Activity
In the records below, find the line containing "韓国子供服 子供ワンピース 夏" and the line containing "Sky Blue Saree". Give again exactly those lines and every line between them, omitting the pictures.

Given information
..........

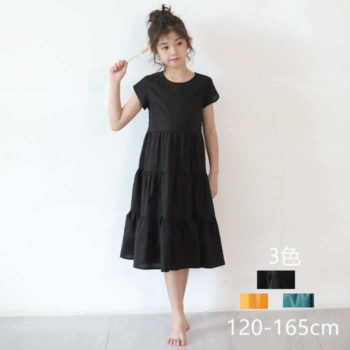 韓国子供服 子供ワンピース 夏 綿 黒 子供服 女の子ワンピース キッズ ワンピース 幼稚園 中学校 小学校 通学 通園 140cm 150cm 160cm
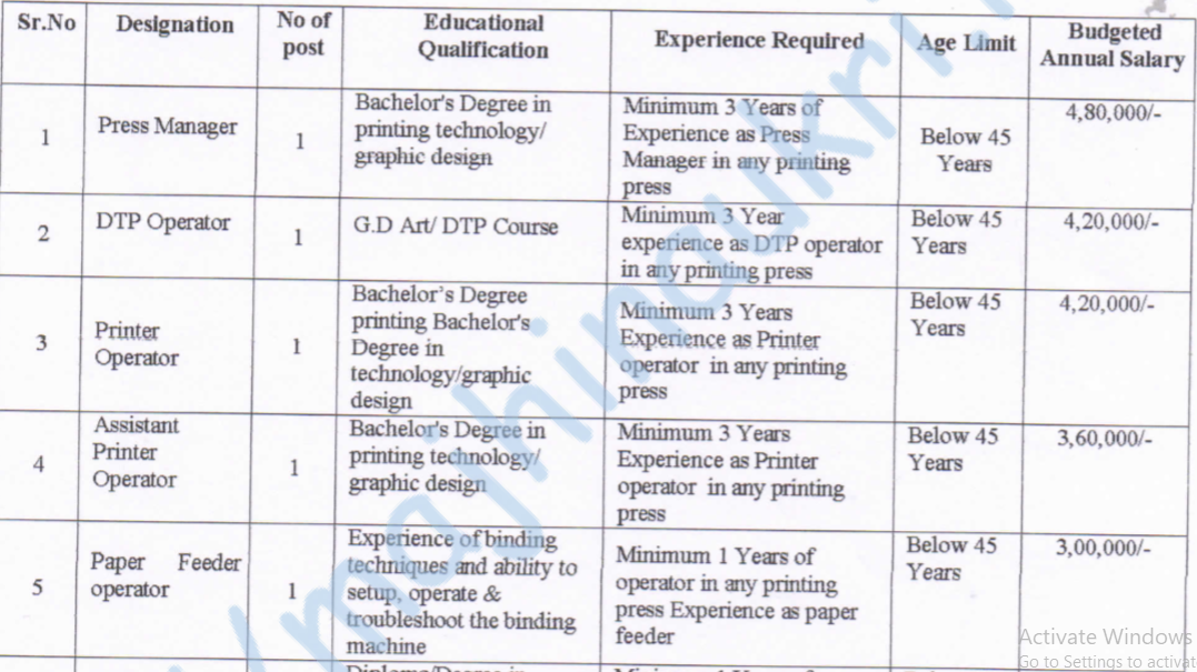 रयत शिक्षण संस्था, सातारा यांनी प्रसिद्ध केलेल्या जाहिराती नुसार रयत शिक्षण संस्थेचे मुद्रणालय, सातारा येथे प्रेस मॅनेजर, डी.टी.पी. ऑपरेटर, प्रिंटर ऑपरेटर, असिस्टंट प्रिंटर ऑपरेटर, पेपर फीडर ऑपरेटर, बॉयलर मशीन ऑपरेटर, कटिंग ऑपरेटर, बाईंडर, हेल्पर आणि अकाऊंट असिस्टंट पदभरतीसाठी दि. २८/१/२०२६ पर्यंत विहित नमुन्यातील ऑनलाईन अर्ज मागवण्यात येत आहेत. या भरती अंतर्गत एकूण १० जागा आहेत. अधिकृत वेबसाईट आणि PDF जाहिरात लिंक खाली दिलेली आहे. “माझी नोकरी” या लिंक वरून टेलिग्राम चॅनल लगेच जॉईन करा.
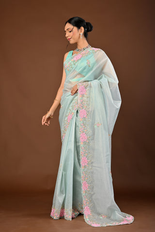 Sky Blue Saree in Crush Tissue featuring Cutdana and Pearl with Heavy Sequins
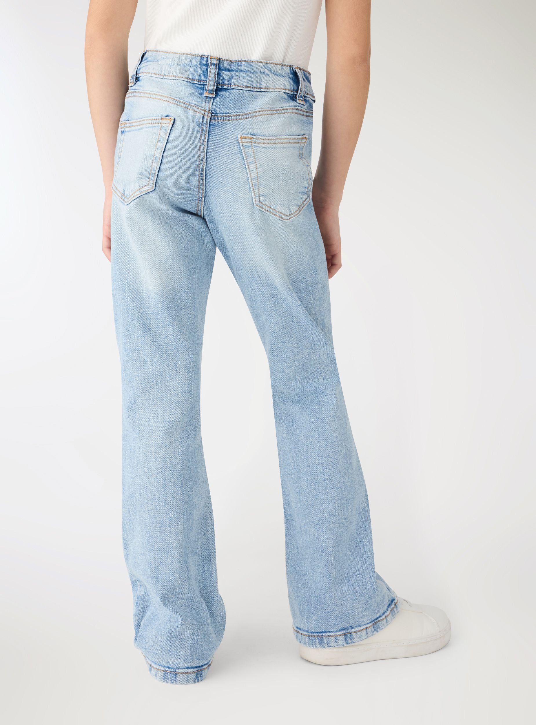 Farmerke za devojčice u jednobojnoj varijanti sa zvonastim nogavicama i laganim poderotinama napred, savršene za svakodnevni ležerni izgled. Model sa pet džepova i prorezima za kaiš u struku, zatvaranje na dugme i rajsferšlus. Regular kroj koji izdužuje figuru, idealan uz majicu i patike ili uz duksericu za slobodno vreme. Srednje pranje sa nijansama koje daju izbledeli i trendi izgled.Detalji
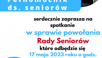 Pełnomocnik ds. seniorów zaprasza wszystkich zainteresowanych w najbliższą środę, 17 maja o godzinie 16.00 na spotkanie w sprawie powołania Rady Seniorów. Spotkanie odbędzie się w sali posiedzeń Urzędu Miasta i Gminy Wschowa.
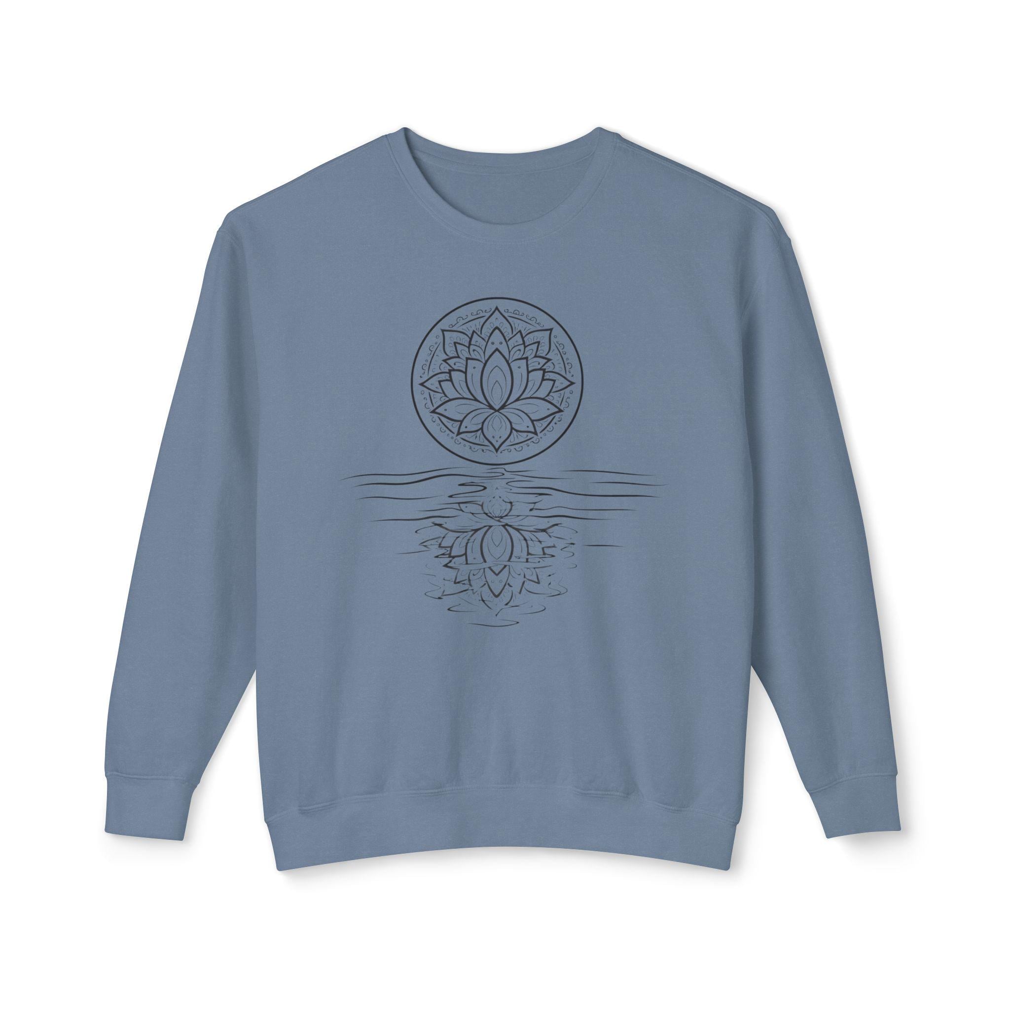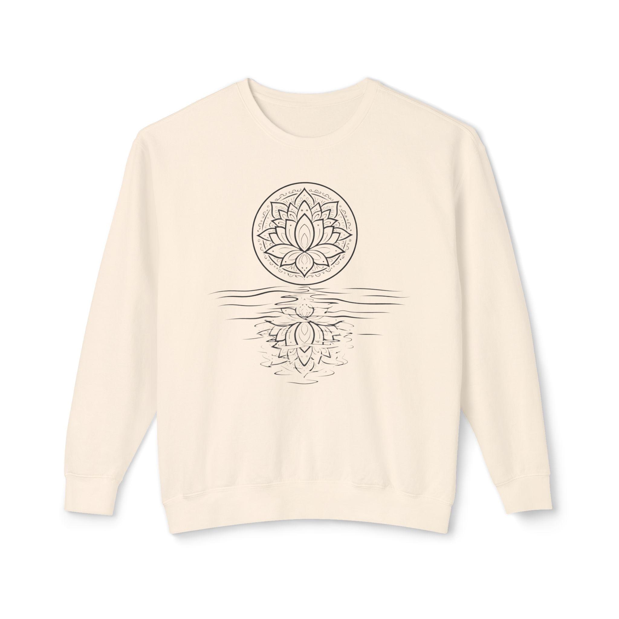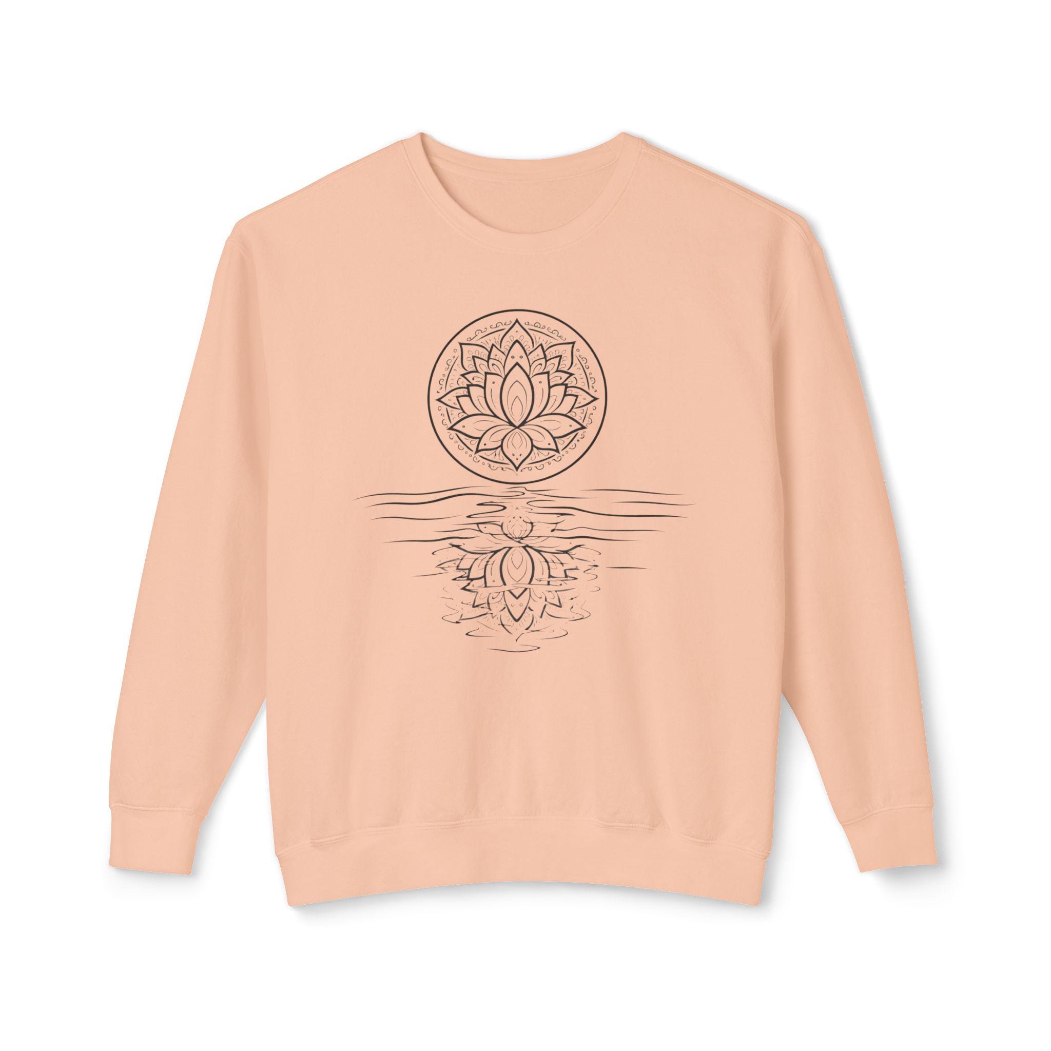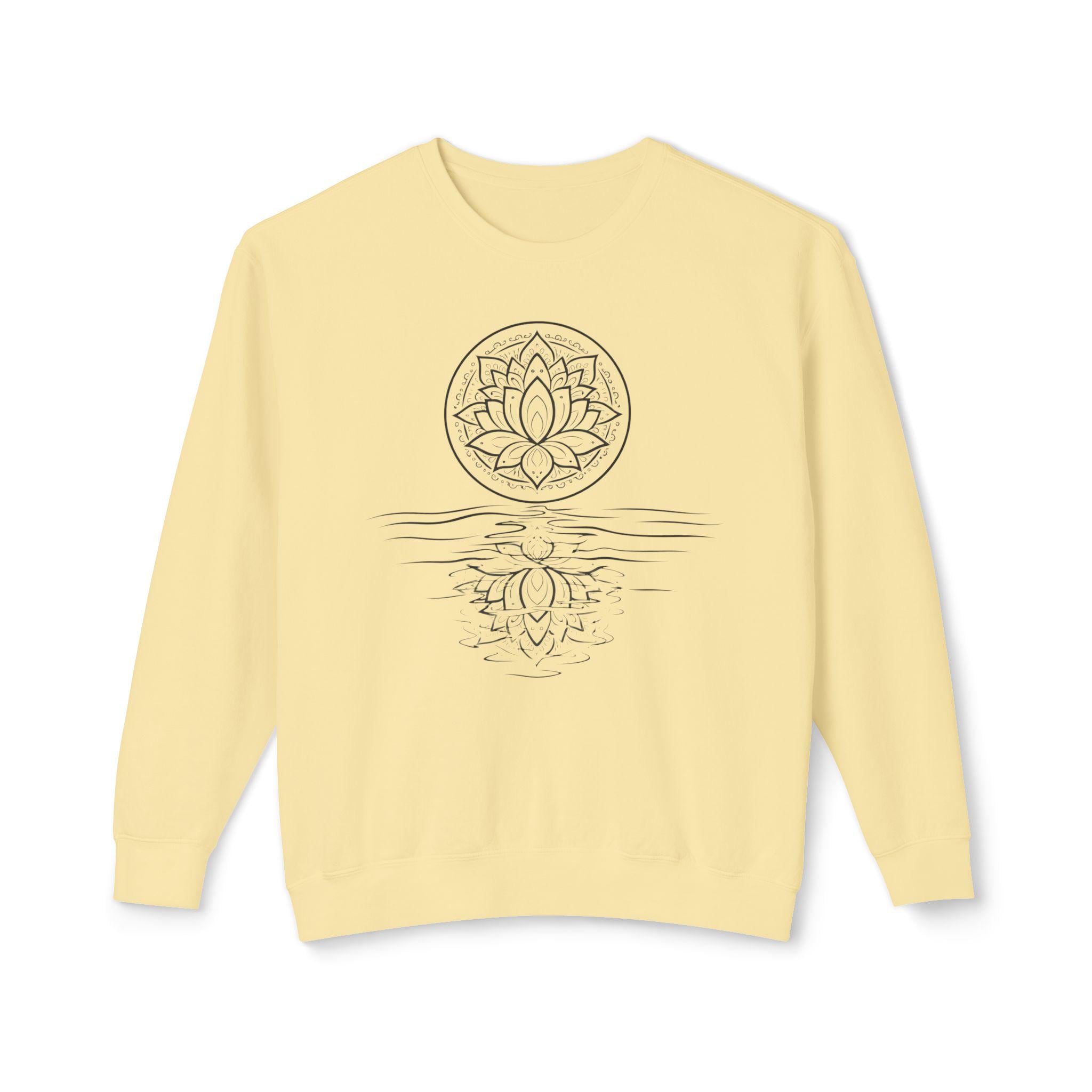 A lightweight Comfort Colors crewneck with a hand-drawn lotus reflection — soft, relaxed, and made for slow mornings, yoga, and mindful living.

..........

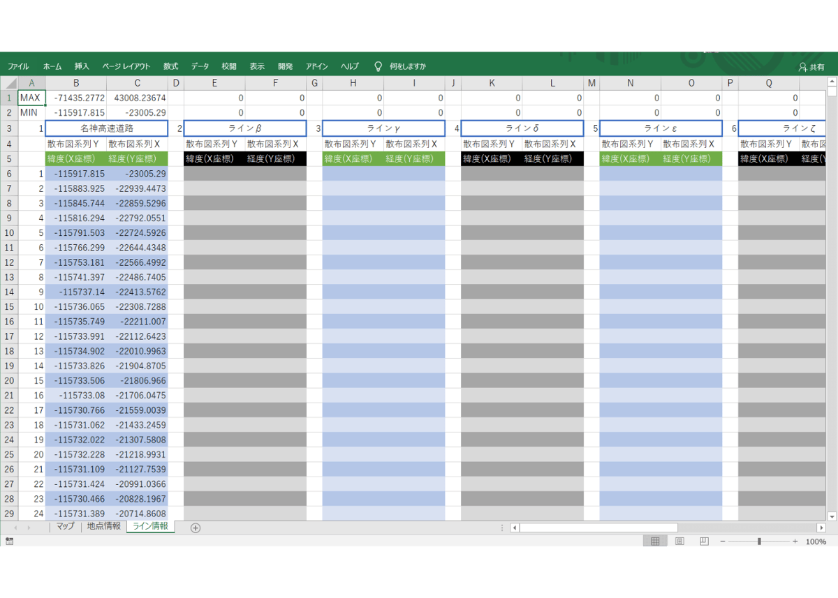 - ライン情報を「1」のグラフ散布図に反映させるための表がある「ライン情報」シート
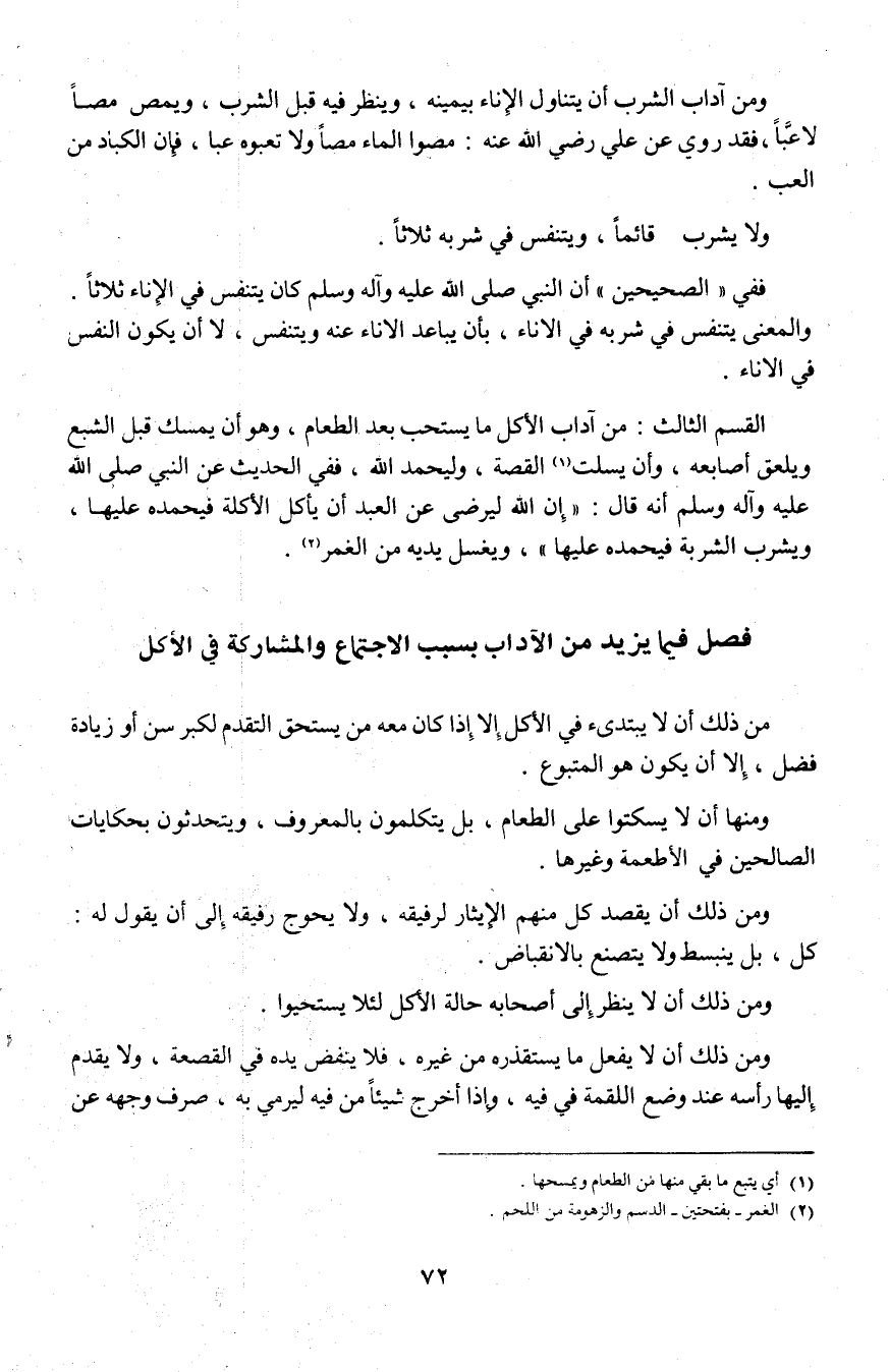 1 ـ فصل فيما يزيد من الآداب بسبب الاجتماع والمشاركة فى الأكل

..........

Response below
 韓国子供服 子供ワンピース 夏 綿 黒 子供服 女の子ワンピース キッズ ワンピース 幼稚園 中学校 小学校 通学 通園 140cm 150cm 160cm
 रयत शिक्षण संस्था, सातारा यांनी प्रसिद्ध केलेल्या जाहिराती नुसार रयत शिक्षण संस्थेचे मुद्रणालय, सातारा येथे प्रेस मॅनेजर, डी.टी.पी. ऑपरेटर, प्रिंटर ऑपरेटर, असिस्टंट प्रिंटर ऑपरेटर, पेपर फीडर ऑपरेटर, बॉयलर मशीन ऑपरेटर, कटिंग ऑपरेटर, बाईंडर, हेल्पर आणि अकाऊंट असिस्टंट पदभरतीसाठी दि. २८/१/२०२६ पर्यंत विहित नमुन्यातील ऑनलाईन अर्ज मागवण्यात येत आहेत. या भरती अंतर्गत एकूण १० जागा आहेत. अधिकृत वेबसाईट आणि PDF जाहिरात लिंक खाली दिलेली आहे. “माझी नोकरी” या लिंक वरून टेलिग्राम चॅनल लगेच जॉईन करा.
 Sky Blue Saree in Crush Tissue featuring Cutdana and Pearl with Heavy Sequins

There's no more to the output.